No, I take that back, he looked terrified.
When the giant robotic mouse started singing and doing those shaky back-and-forth dance movements, I thought Adam was going to jump out of his skin. He turned his head away from THAT HORRIBLE SIGHT, wrapped his arms tightly around my neck and told me in an urgent voice, “I don’t like that mouse. PUT HIM BACK NOW.”
I tried to explain that he’s a fun, silly mouse, he won’t hurt us, he’s PRETEND. Adam refused to look at the stage for the remainder of dinner. After we ate, we were able to distract him with games, but he made it VERY clear that he wanted nothing to do with “that mouse.” We tried to put him on a ride with Greta, and once he noticed good ol’ Chuck hanging out in the backseat, he lost it. (Refer to photo #1.)

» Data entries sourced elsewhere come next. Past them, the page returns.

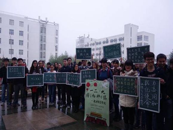 具有师院特色的小黑板上,写下了行行纪念“一二.九”运动的诗歌和寄语,师院各年级学生以寝室为单位,高举着书写心声的小黑板进行合照;携手并肩,众志成城,敬文图书馆前,航拍镜头记录下的,是博彩网址大全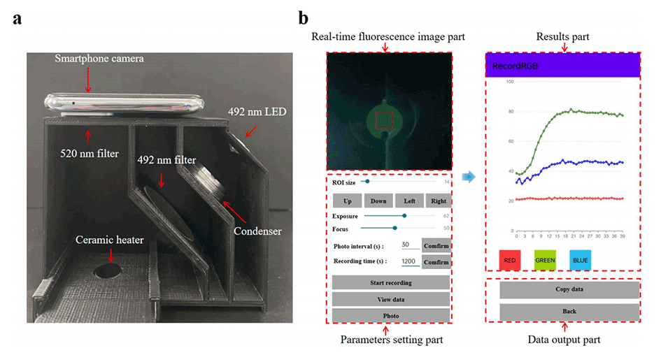 图4.(a)实时荧光检测系统的图像。(b)定制的Android应用程序的操作界面和结果页面的截屏图像。
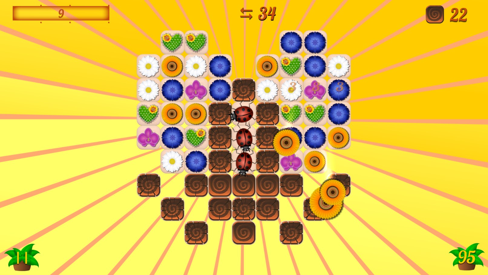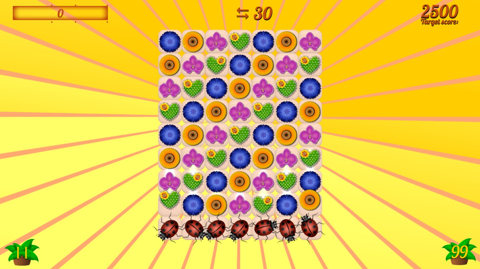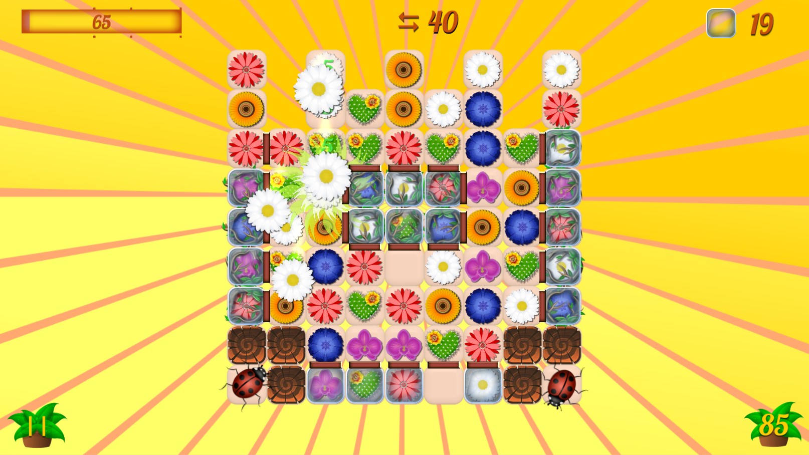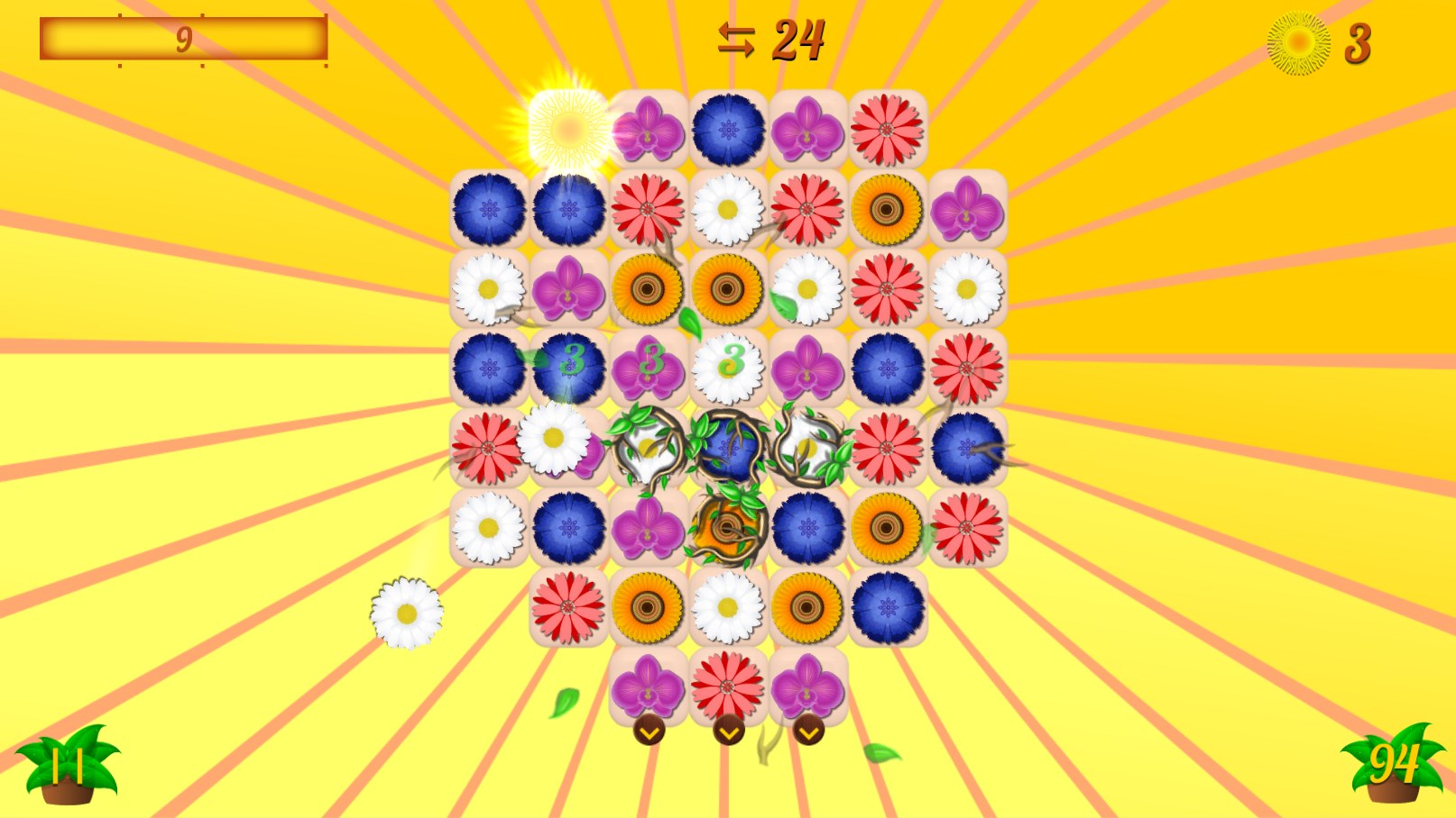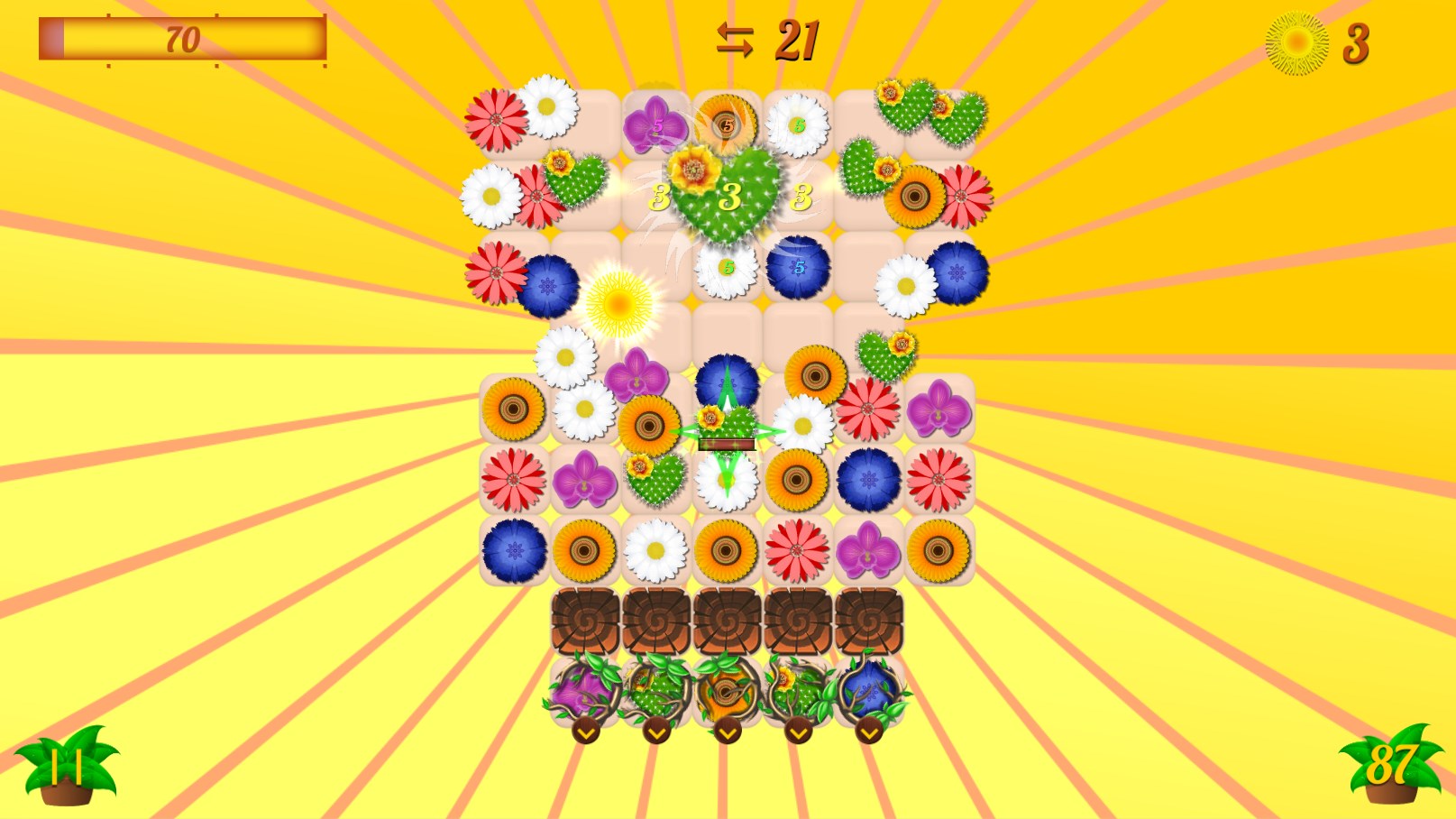 In this game swipe the flowers either horizontally or vertically to match them 3 or more in a line, T-, L-shape. Match 4 or more flowers to get the power-ups. Combine two Power-ups to get the Super Power-ups!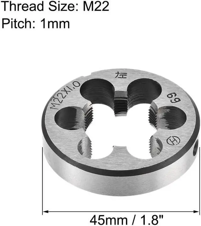 SteelFeatures: 1. Solid round dies are suitable for general purpose threading. 2. Round Dies are perfect for re-threading existing threads in hard materials like metal or making new threads in softer material such as plastic. 3. Ideal for maintenance and repair work in the shop or field. Die size is etched on the surface for easy identification.
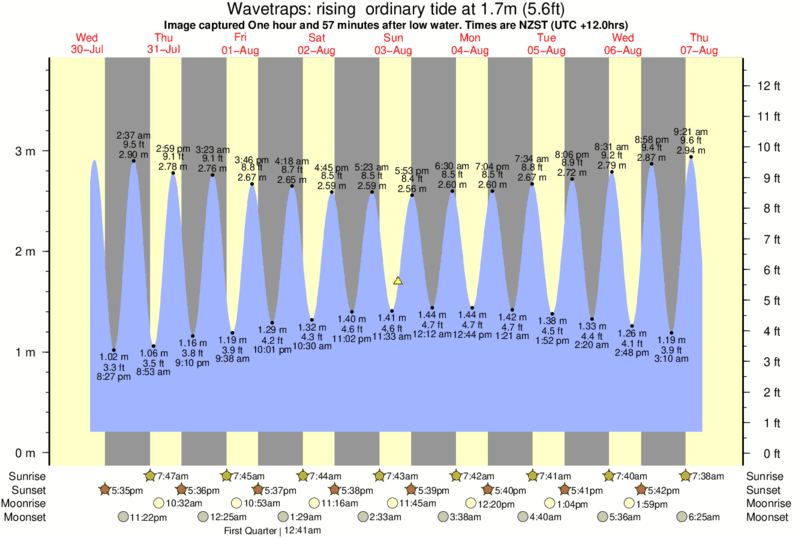 Image captured One hour and 57 minutes after low water (rising ordinary tide). Tide height was 1.7m (5.6 ft). Range 3.38m (11.1 ft). Toggle tide graph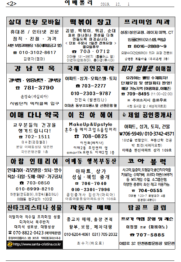 [À̸Żʸ®] 2019³â 12¿ù 1ÀÏ À̸Żʸ®ÀÔ´Ï´Ù.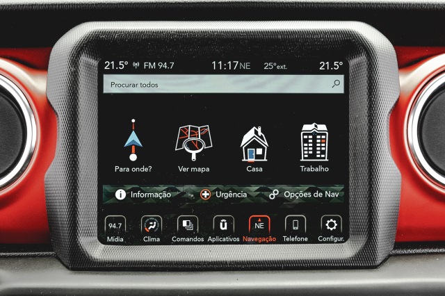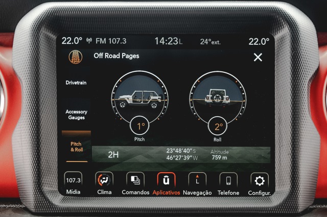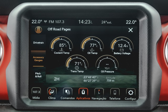 Os faróis são full-led e a central multimídia com tela touch de 8,4”, o GPS é compatível com os sistemas Apple CarPlay e Android Auto, tem um aplicativo Off-Road Pages, que informa coisas como altitude, inclinação lateral e longitudinal da carroceria e o tipo de tração em uso.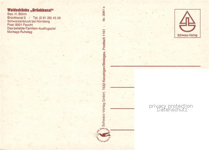 73662551 Schwarzenbruck Waldschaenke Brueckkanal Gaststaette Bruecke postalisch nicht gelaufen Erhaltung siehe scans [FriedD77] KatCode: 11110009574157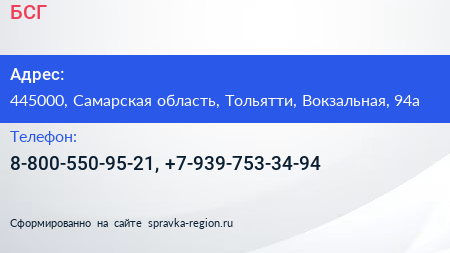 БСГ по адресу 445000, Самарская область, Тольятти, Вокзальная, 94а в дальнейшем Организация, размещена в следующих категориях: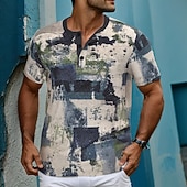 More information about Men's Geometric T Shirt Henley Shirt Short Sleeve Designer Retro Vintage Street Casual Daily Summer Spring Gray Henley Henley T-Shirt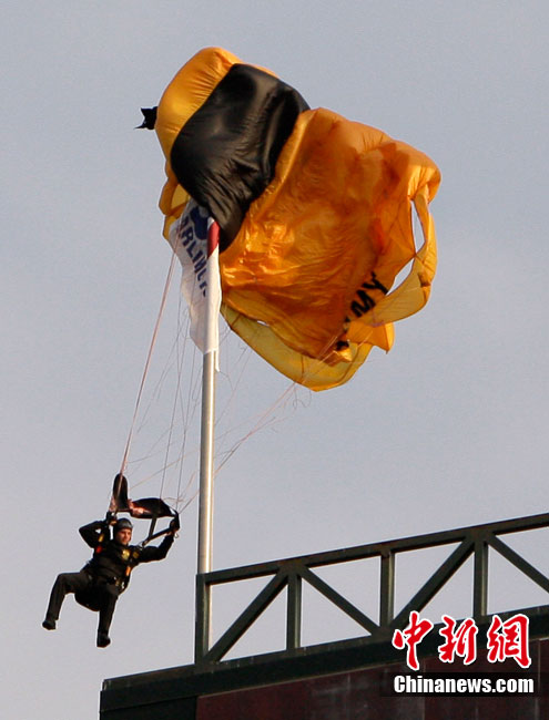 當地時間8月24日,一名美國陸軍的傘兵在美國德克薩斯州阿靈頓棒球比賽開始前的表演中不小心被棒球場旁的旗桿絆住降落傘,掛在了半空中。據悉,當時這名傘兵從德克薩斯州阿靈頓上空跳傘,原本預計著陸在一塊空地,結果降落傘被棒球場邊的旗桿勾到,被掛在了旗桿上。隨后他在球場工作人員的幫助下獲救。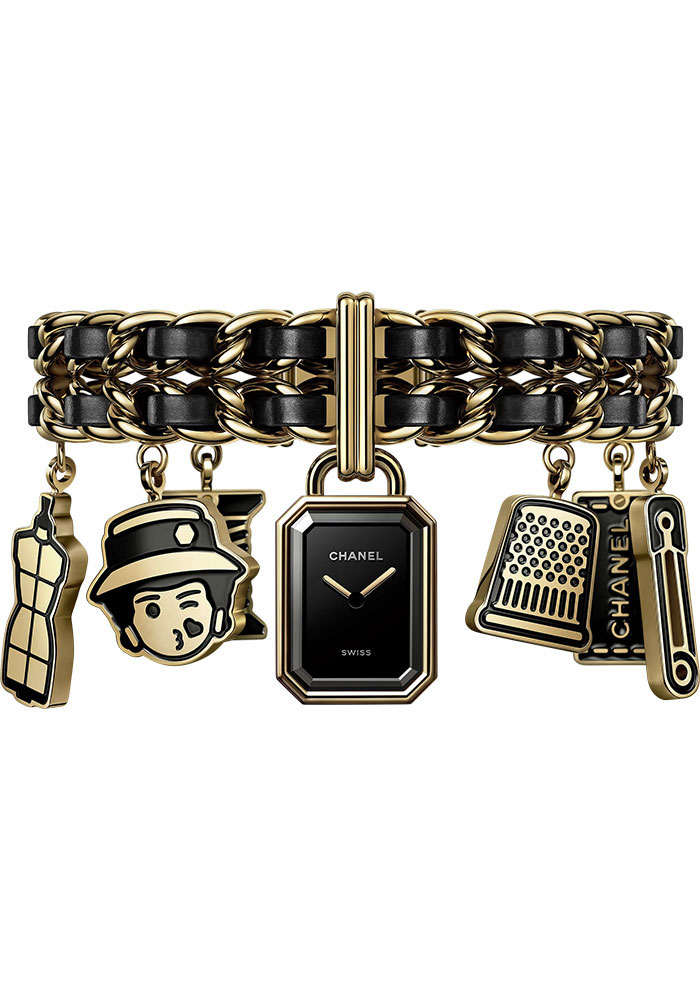 19.7 x 15.2 mm steel case coated with 18K yellow gold (0.1 micron), 7.5 mm thick, black-lacquered dial, high precision quartz movement, steel chain bracelet coated with 18k yellow gold (0.1 micron) interlaced with black leather strap, steel chain bracelet coated with 18k yellow gold (0.1 micron) interlaced with black leather strap. Water resistant to 30 m.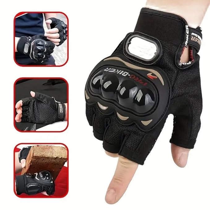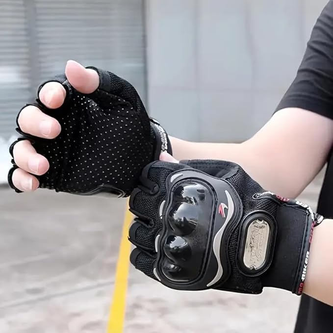Biker Gloves for Men & Women | Hard Knuckle, Half Finger, Non-Slip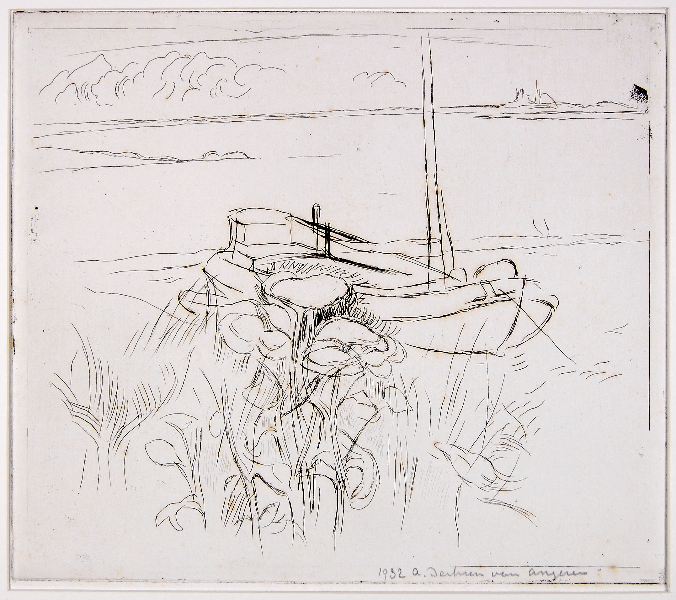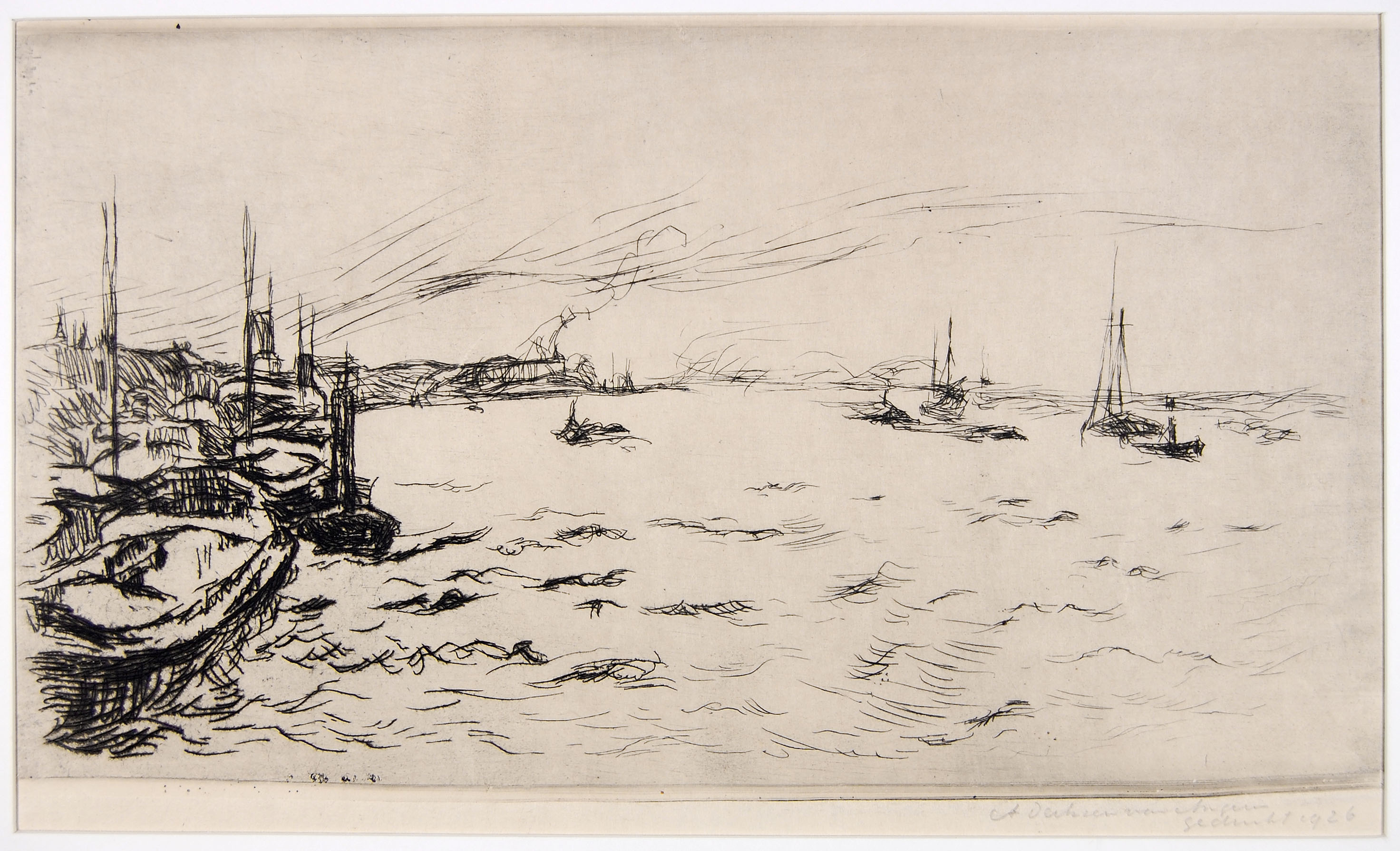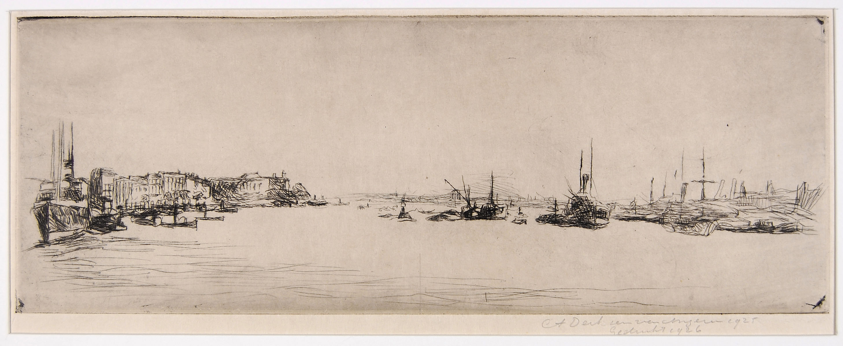 Riviergezicht met links en rechts boten, Rotterdam

Lately, though, he’s become obsessed with looking at pictures of Chuck E. Cheese online, so that is now our new nightly ritual. When he sees the photos, he announces, “That mouse is silly!” It’s like he’s reassuring himself that Mr. Cheese won’t rip his face off. I have to skip the photo of the giant mouse doing a line of coke, though. That one isn’t very family-friendly.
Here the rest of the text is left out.